The Kempston/Atari joystick replaces the directional pad, with the ‘fire’ button mapped to Button A. The standard Atari-style pinout only allows for one joystick button, and the majority of retro arcade titles only need Button A.
The insides, connected and ready to be closed up:
I didn’t need the directional pad anymore, so I put the connector in the space that it left. A bit of dremelling helped the DB-9 connector to sit flush with the case:
Back of the DB-9 connector, I just soldered the optocouplers and resistors straight onto the back:
The DB-9 connector again, with joystick plugged in this time:
Here’s the finished article, plugged in and playing ‘Frogger’ or something similar.

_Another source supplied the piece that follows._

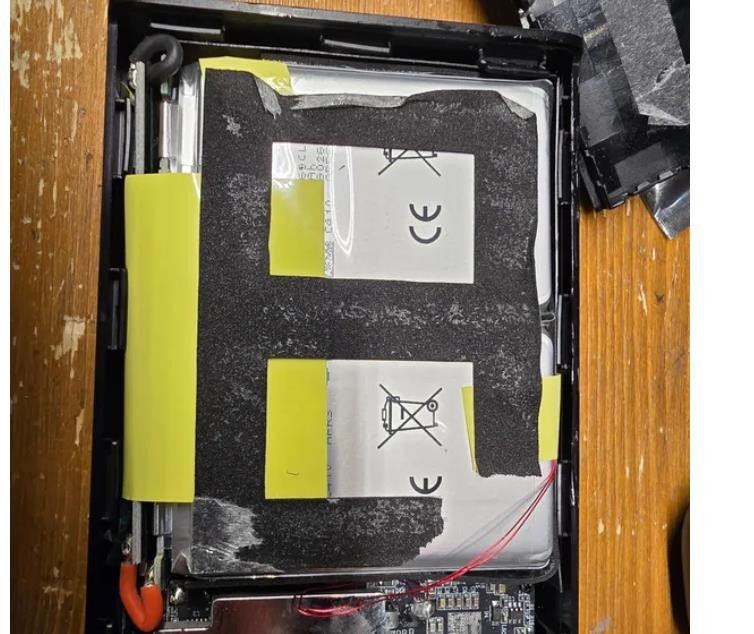 … там внутри всё довольно грамотно и аккуратно разведено — две платы с тремя DC/DC, есть алюминиевый радиатор через термопрокладку, для отвода и накопления пиковых температур, имеется температурный датчик и балансировочные контакты для сборки, которые надёжно изолированы картоном и зафиксированы каптоновой лентой, ячейки соответствуют заявленным 5000мА/чДополнительная разборка
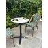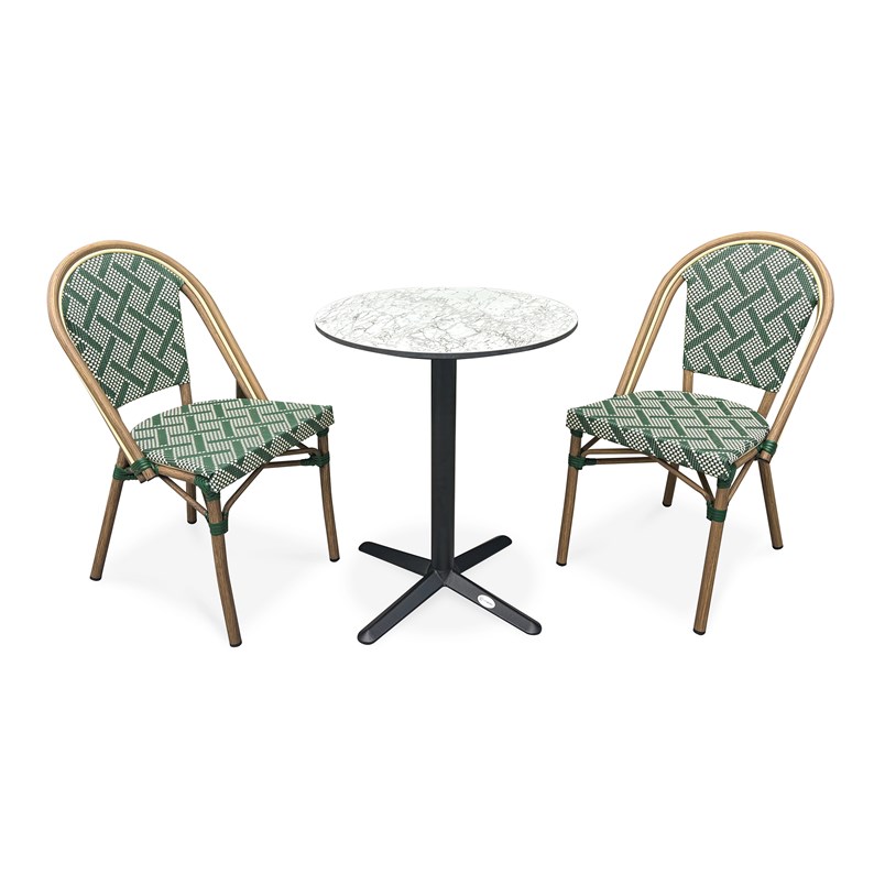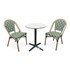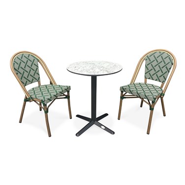 Ensemble repas de jardin BISTRO composé d'une table ronde en acier noir et plateau HPL effet marbre blanc, et de 2 fauteuils de jardin empilables, en aluminium effet bois et textilène de couleur vert et blanc.

The whole controller still works, apart from the directional pad of course. I was careful to keep my soldering ‘flat’ around the A button, so that it still works (although it’s a bit firmer now):
Disucssions about this post:
Xbox 360 Fanboy linked to my post, a couple of useful comments there including an idea about supporting a Sega Genesis controller (more discussion about this here), which unfortunately I don’t have access to. This was picked up by Pro Game News(?) and DC Emu (twice) and in turn by Digg. All these duplications of the same stuff- is this the reason search results are so bad nowadays? I also posted about it in the benheck.com Forums and the Sensible Soccer Forums and got a some feedback from others who are trying to reproduce this hack.